Following the traditional North-South models, more recent studies address the issue of transition from imitation to innovation (van Elkan 1996; Currie et. al 1999) and even switching of leadership roles (Brezis, Krugman and Tsiddon 1993). In the former studies, transition from imitation to innovation is determined by the rate of knowledge spillovers and the ease of imitation. South switches to innovation when the knowledge gap between the North and South becomes small and imitation becomes too costly.
In the subsequent models, also explained as leapfrogging models, a lagging economy’s ability to adopt a new technology before the traditional leader (sometimes due to its unwillingness to give up a successful older technology), can lead to a switch in leadership roles. While the mechanism of innovation in the North is by now well understood, the process by which imitation occurs is not so clear. Specifically, Paul Romer’s (1990) seminal work illustrates that innovation is the consequence of the allocation of human capital to profit driven research.
This notion is then extended by Rivera-Batiz and Romer (1991 a, b), to the case of trade and knowledge sharing between symmetrically innovating countries. However, in the North-South models where the North innovates and the South imitates, this symmetry breaks down. Due to the complexity that the absence of symmetry creates, most North-South models (cf. Grossman and Helpman 1991 a,b; van Elkan 1996; Currie et. al. 1999; Lin, 2002) have had to sacrifice the microeconomic specificity of the knowledge transfer and accumulation mechanism, assuming instead, that innovation and imitation occur through some exogenous macroeconomic process.
An implicit underlying assumption of this approach is that knowledge is a public good that can be freely appropriated by producers anywhere. Integration into the international economy provides a country the necessary access to this knowledge base. The leapfrogging models also tend to abstract away from the mechanism of technology transfer, assuming instead that productivity differences between two countries determines who adopts a new technology first.

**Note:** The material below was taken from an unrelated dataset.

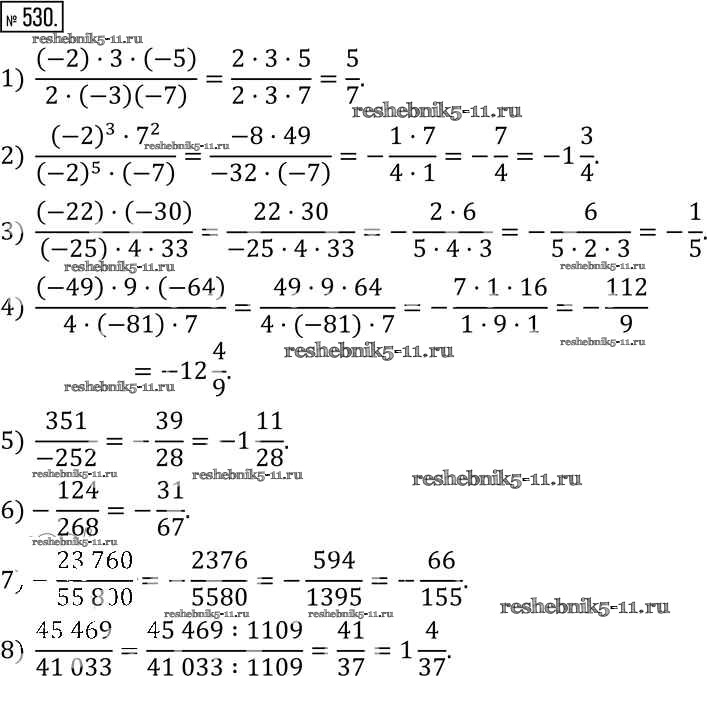Готовая домашняя работа с ответами по Математике за 6 класс Муравин, Муравина Учебник Вертикаль Дрофа 2016 ФГОС - §17. Деление чисел 530

Yet, Keller (1996), points out that mere access to information is not sufficient for technological catch-up. In particular, skill levels of domestic workers constrain a country’s ability to absorb and implement technologies invented abroad. (Datta ; Mohtadi 2005; p. 2) Intellectual property is a common term, which refers to the rights to the products of individuals’ creativity, including scientific discoveries, industrial design, and literary and artistic works. Intellectual property policy is intended to set symmetry between two objectives:
1) Gratifying creators and inventors for innovation, and 2) Promote access by business and public to science, technology and culture. Patents protect the inventions that pharmaceutical companies exploit as a result of research and development and are an important incentive to research and development and to innovation in general. The term patent comes from the first Letters Patent, which granted an inventor or importer of a new technology the sole right to use it for a period sufficiently long to establish his business.
These can be clustered into six basic kinds of intellectual property rights (OECD, 1996). Patents speak about inventions. Copyrights talk about literary or artistic works and also extend to engineering drawings, computer software and other areas beyond the field of the arts. Designs are related to shapes and configurations, including layout designs (topographies) of integrated circuits. Trademarks pertain to words or symbols applied to products or services to recognize source or sponsorship.
Plant varieties protection provides exclusive rights in plant ranges based on the model of the 1978 International Union for the Protection of New Varieties of Plant. Apart from copyrights, all the other discussed rights must be applied for to the relevant national authority according to statutory law and procedures. Trade secret protection protects confidential and undisclosed information and does not require registration or formalities. (Carlton, Perloff; 2005, p. 526)
The term industrial property embraces protection of invention by means of patents, utility models (a form of protection for inventions that do not meet all the requirements of patent ability or do not need full patent protection, that is considered to be very useful for small firms, in particular in Europe), protection of certain commercial interests by means of trademark law and law on trade (brand) names, and the law on protection of industrial designs. In addition, it includes the repression of unfair competition. (Carlton, Perloff 2005; p. 527)
Copyright was considered as a less significant and somewhat creative form of intellectual property, but now it has become another major international factor in technological, scientific and trade development. It is the major tool for protection of the products of economic players such as the film, publishing and recording industries and, since the mid-1980s, computer software that became internationally protected by copyright. It is estimated that these so-called copyright industries together represent between 2 and 6 per cent of the GNP of most OECD countries.
Patents protect the inventions that pharmaceutical companies exploit as a result of research and development (R&D) efforts. Even though they are often combined with other forms of protection, patents have traditionally been considered as one of the main incentives for R&D. The various types of intellectual properties become more inter-related as a set of tools that companies can use individually or in combination in order to support their strategic market objectives. Accordingly, intellectual property has been a growing concern in global forums.